A pioneering brain implant has allowed a paralyzed man to feel a robotic arm. The implant is capable of unimaginable sensitivity, and the carrier can even identify which finger is feeling pressure. The limited sense of touch is part of the work of a team from the University of Pittsburgh that installed the implant 17 months ago.
This is a milestone for science because no one else had previously succeeded in brain implants that allow people to feel again. Nathan Copeland is the fortunate man that is experimenting sensitivity again after he had a car accident when he was 18 years old. Now he is 30, and even when the accident snapped his neck and injured his spinal cord, science is letting him feel pressure-like sensations.
Copeland cannot move his legs nor lower his arms. He can feel the robotic arm thanks to the implant that was put into his brain. The device electrically stimulates the brain region that receives sensory information from the rest of the body. That area is called the somatosensory cortex, and it produces touch-like sensations. Similar experiments have taken place in brain surgery but compared to the implant; those are crude efforts.
“I can feel just about every finger- it’s a really weird sensation. Sometimes it feels electrical and sometimes it’s pressure, but for the most part, I can tell most of the fingers with definite precision. It feels like my fingers are getting touched or pushed,” said Copeland after a month of having the implant installed in his brain.
Elizabeth Tyler-Kabara, the co-author of the study and a neurological surgeon at the University of Pittsburgh, explains that people under brain surgery had experienced a buzz or a vibrating sensation, but neither of the described feelings is natural.

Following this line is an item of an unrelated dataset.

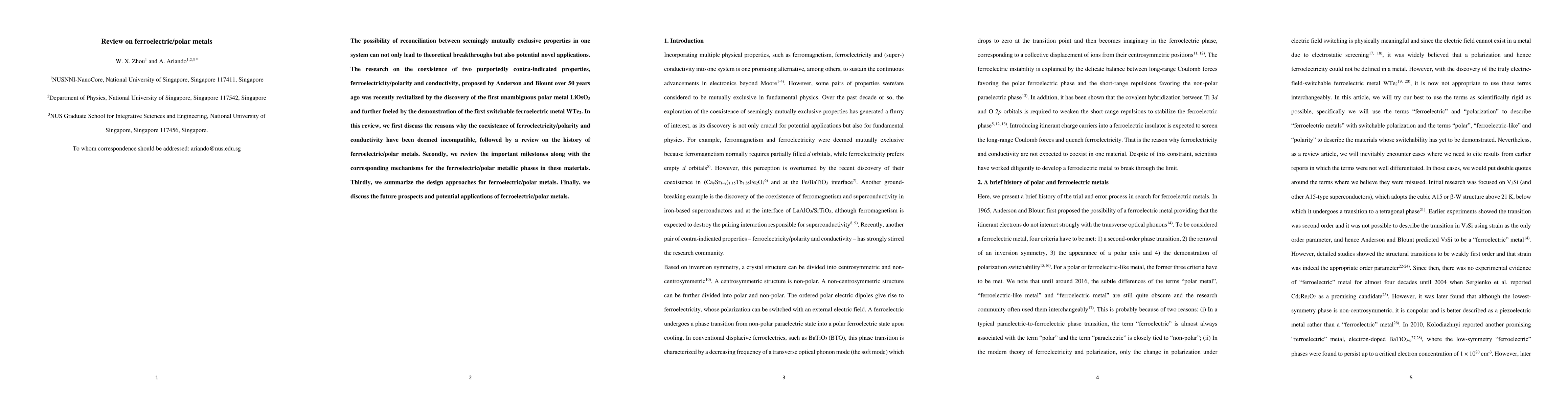 The possibility of reconciliation between seemingly mutually exclusive properties in one system can not only lead to theoretical breakthroughs but also potential novel applications. The research on the coexistence of two purportedly contra-indicated properties, ferroelectricity/polarity and conductivity, proposed by Anderson and Blount over 50 years ago was recently revitalized by the discovery of the first unambiguous polar metal LiOsO3 and further fueled by the demonstration of the first switchable ferroelectric metal WTe2. In this review, we first discuss the reasons why the coexistence of ferroelectricity/polarity and conductivity have been deemed incompatible, followed by a review on the history of ferroelectric/polar metals. Secondly, we review the important milestones along with the corresponding mechanisms for the ferroelectric/polar metallic phases in these materials. Thirdly, we summarize the design approaches for ferroelectric/polar metals. Finally, we discuss the future prospects and potential applications of ferroelectric/polar metals.
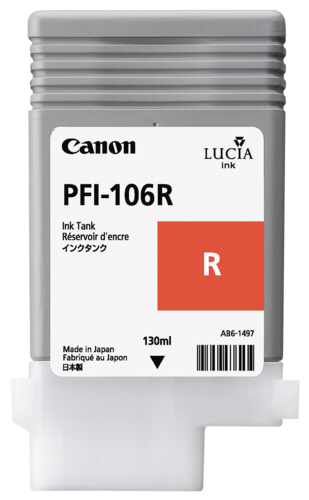 Canon PFI-106 R - Rot - Original - Tintenbehälter - für imagePROGRAF iPF6400, iPF6400SE, IPF6450 Gruppe Druckerverbrauchsmaterial Hersteller Canon Hersteller Art. Nr. 6627B001AA Modell PFI-106 R EAN/UPC 4960999909561 Produktbeschreibung: Canon PFI-106 R - Rot - Original - Tintenbehälter Produkttyp Tintenbehälter Drucktechnologie Tintenstrahl Druckfarbe Rot (pigmentiert) Kapazität 130 ml

Robert Gaunt, a biomedical engineer at the University of Pittsburgh and lead author of the study, installed two microelectrode arrays into Copeland’s somatosensory cortex. Then, two other electrodes were also installed but this time into Copeland’s motor cortex, which controls hand and arm movements.
Brain implants are controlled by a computer with a robotic arm that transmits sensations to Copeland’s brain
The electrodes are activated through the computer, which is controlled by the team. Once the electrodes are stimulated, Copeland starts to feel touch-like sensations. The robotic arm is linked to Copeland’s implants, and when its fingers are touched, the implants send the message to Copeland’s brain and allow him to identify which finger is being touched, and sometimes, even which region.
The results have been gratifying and have passed the most difficult test: time. Copeland has had the implants for 17 months, and his sensitivity has been stable, which means that the electrodes and their electrical stimulation are not damaging the brain.
Dustin Tyler, a biomedical engineer at Case Western Reserve University, said the results are a significant advance in restoring sensation in people with paralysis, according to the journal Nature.
There have been previous experiments trying to achieve what Dr. Gaunt and his team managed to do; the difference is that the attempts were made to improve prosthetic arms adding them sensitivity. Those experiments are different from the one performed on Copeland, because amputated people still have functioning nerves to attach the prosthesis, making Gaunt’s effort a pioneering work.
Brain implants in paralyzed people have their limitations
Although Copeland can feel most of the robot’s fingers, he cannot feel the thumb nor the fingertips of the robotic hand. Regarding other sensations, the electrodes allow Copeland to feel pressure but not sensations of movement, temperature or pain.
To make Copeland feel movement is a harder task since the brain regions in charge of arms movements are less accessible. The other brain regions that control other body parts are less accessible than the areas in charge of sensation and movements corresponding to arms.
But there is still hope. There’s a chance of manufacturing the implants with flexible materials to make it possible to install them deeper in the brain. Wireless connections are also part of future works based on Gaunt’s achievements with Copeland.
It will take a while to create and test new brain implants, but so far, reinstating the basic sense of touch in a paralyzed person is a significant success for science.